This guest post is by the faculty of our upcoming Data Science MOOC, Dr. Stephen Elston, Managing Director at Quantia Analytics & Professor Cynthia Rudin from M.I.T.
Data exploration and visualization is a fascinating subject and aspiring data scientists can build their skills in this area with the upcoming edX course. During this course we will delve deeply into the required tools and essential data science skills.
A thorough understanding of the dataset is essential in any data science project. Careful examination of data reveals the relationships between the features and between the features and the label. These relationships combined with some problem domain knowledge are the basis of good feature engineering.
Further, understanding the structure and relationships in your dataset is necessary when selecting and improving the performance of ML models.
Graphical data exploration, or Exploratory Data Analysis (EDA), was introduced by John Tukey in the 1960s. Tukey created multiple powerful graphical methods to develop understanding of complex data sets, many still commonly used today. His classic book is still in print: Exploratory Data Analysis, John W. Tukey, Pearson, 1977.
As data scientists, we ask many questions when graphically exploring a data set including:
Which features appear to track the behavior of the labels in some way? We are always on the lookout for features which will improve model performance. Conversely, features which show only random behavior with respect to the labels, will likely only add noise if used for training an ML model. Be careful, correlation should never be confused with causation! Causation can only be determined with domain knowledge.

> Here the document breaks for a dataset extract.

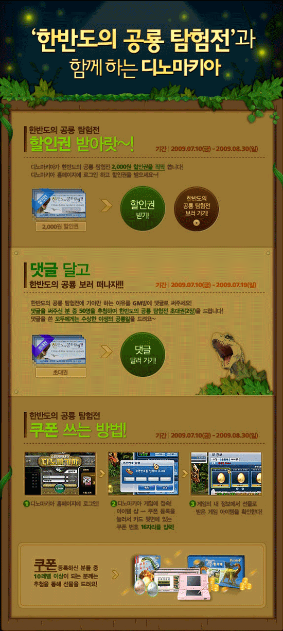 또한 탐험전 현장에서 공룡알, 게임머니 등을 받을 수 있는 `디노마키아` 쿠폰을 배포할 예정이며, 게임에 접속해 쿠폰을 등록한 유저 대상으로 추첨을 통해 닌텐도 DS, 문화상품권, 디노마키아 공룡백과 ‘공룡과 친구하기’, 보드게임 ‘공룡탐사대’ 등 푸짐한 선물을 증정한다.
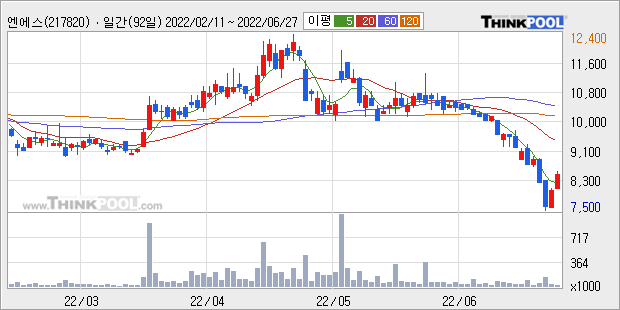 엔에스의 2021년 매출액은 전년대비 -30.6% 줄어든 462억원이고, 영업이익 역시 전년대비 -65.5% 줄어든 24억원을 기록했다. 이 회사의 매출액 증감률과 영업이익 증감률은 각각 코스닥 하위 7%, 하위 19%에 해당된다.

Which features show independent behavior? Conversely, we must eliminate features which are nearly collinear to other features or otherwise redundant. These features will only add noise when used to train an ML model.
Do the features contain outliers? Can we validate that these data are indeed outliers and not interesting, unusual cases? If there are outliers, what treatment should we apply?

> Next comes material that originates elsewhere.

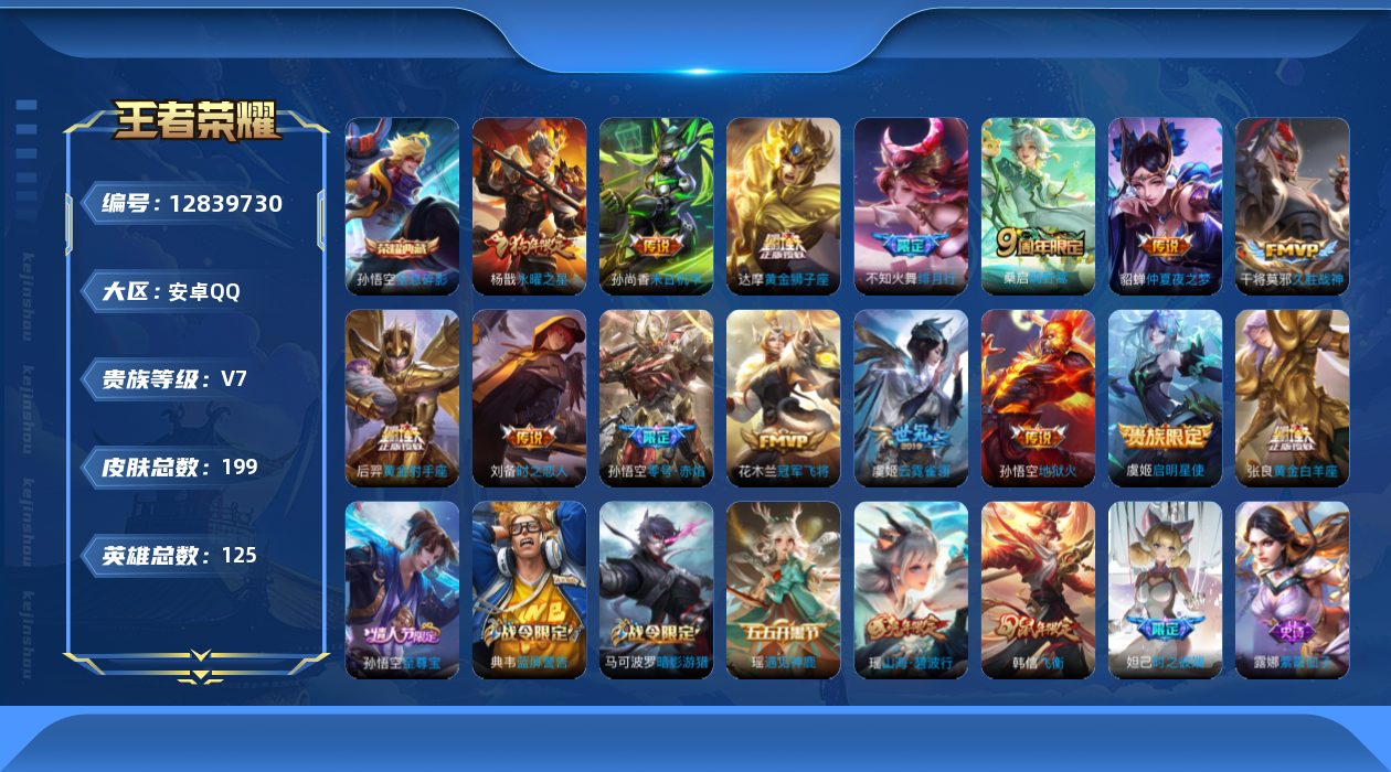 [12839730]安卓Q-V6-尊贵铂金IV段位-125英雄-199皮肤-1典藏-0珍品无双-0无双-0珍品传说-15传说-45史诗 【英雄全皮】:空空儿全皮 【荣耀典藏】:孙悟空全息碎影 【传说皮肤】:桑启鸣野蒿,不知火舞绯月行,虞姬启明星使,孙悟空零号赤焰,刘备时之恋人,张良黄金白羊座,干将莫邪久胜战神,虞姬云霓雀翎,达摩黄金狮子座,花木兰冠军飞将,后羿黄金射手座,杨戬永曜之星,貂蝉仲夏夜之梦,孙尚香末日机甲,孙悟空地狱火 【限定皮肤】:狄仁杰阴阳师,赵云皇家上将,妲己时之彼端,鲁班七号狮舞东方,庄周玄嵩,高渐离死亡摇滚,高渐离玩趣恶龙,阿轲迷踪丽影,周瑜赤莲之焰,元歌无心,夏侯惇朔风刀,曹操天狼征服者,典韦蓝屏警告,马可波罗暗影游猎,狄仁杰魔术师,狄仁杰万华元夜,达摩沙漠行僧,项羽海滩派对,老夫子醍醐杖,程咬金演武夺筹,刘邦夺宝奇兵,韩信飞衡,兰陵王驯魔猎人,兰陵王金庭之子,不知火舞绯月行,孙悟空至尊宝,孙悟空零号赤焰,牛魔御旌,李元芳银河之约,李元芳云中旅人,虞姬启明星使,钟馗神迹守卫,钟馗驱傩正仪,杨玉环寅虎心曲,杨戬永曜之星,女娲朔望之晖,蔡文姬繁星吟游,鬼谷子原初探秘者,鬼谷子五谷丰年,弈星混沌棋,沈梦溪星空之诺,沈梦溪大漠名商,明世隐疑决卦,裴擒虎擒涛扼浪,瑶山海碧波行,盾山御銮,猪八戒西部大镖客,上官婉儿梁祝,桑启海盐诗旅,鬼谷子天穹祈灯 【年限皮肤】:杨玉环寅虎心曲,杨戬永曜之星,韩信飞衡,庄周玄嵩,瑶山海碧波行 【赛季限定】:夏侯惇朔风刀,狄仁杰万华元夜,达摩沙漠行僧,老夫子醍醐杖,程咬金演武夺筹,兰陵王金庭之子,牛魔御旌,李元芳云中旅人,钟馗驱傩正仪,鬼谷子原初探秘者,弈星混沌棋,沈梦溪大漠名商,明世隐疑决卦,裴擒虎擒涛扼浪,盾山御銮,桑启海盐诗旅,鬼谷子天穹祈灯 【战令限定】:鲁班七号狮舞东方,阿轲迷踪丽影,周瑜赤莲之焰,典韦蓝屏警告,马可波罗暗影游猎,刘邦夺宝奇兵,兰陵王驯魔猎人,李元芳银河之约,钟馗神迹守卫,女娲朔望之晖,沈梦溪星空之诺,猪八戒西部大镖客 【史诗皮肤】:鲁班七号电玩小子,露娜紫霞仙子,赵云皇家上将,赵云未来纪元,王昭君偶像歌手,狄仁杰魔术师,宫本武藏鬼剑武藏,孙尚香水果甜心,妲己魅力维加斯,妲己女仆咖啡,吕布圣诞狂欢,李白千年之狐,孙悟空至尊宝,夏侯惇乘风破浪,小乔缤纷独角兽,兰陵王暗隐猎兽者,诸葛亮黄金分割率,安琪拉心灵骇客,百里守约

Are there degenerate features which only add noise if used for training an ML model? For example, a feature may have mostly a single value, say zero, and few other values. In many cases, such a feature conveys no information. But, be careful, perhaps those few different values represent important special cases of interest.
Are there trends or biases in the data which we must account for before we can build an ML model? This is particularly important in time series or forecasting models.
Let’s have a look at some data and see what we can learn. The figure below shows a conditioned scatter plot of four dimensions of the energy efficiency dataset. You can find this dataset as a sample data set in the Azure ML Studio, or download from the UCI Machine Learning Repository. These data are discussed in the paper by A. Tsanas, A. Xifara: 'Accurate quantitative estimation of energy performance of residential buildings using statistical machine learning tools', Energy and Buildings, Vol. 49, pp. 560-567, 2012.
These data contain eight physical characteristics of 768 simulated buildings. These characteristics, or features, are used to predict the buildings’ heating load and cooling load, measures of energy efficiency. The ability to predict a building’s energy efficiency is valuable in a number of circumstances. For example, architects may need to compare the energy efficiency of several building designs before selecting a final approach. Using a series of carefully constructed charts, we explore these data to determine which of these features are suitable for use in an ML model.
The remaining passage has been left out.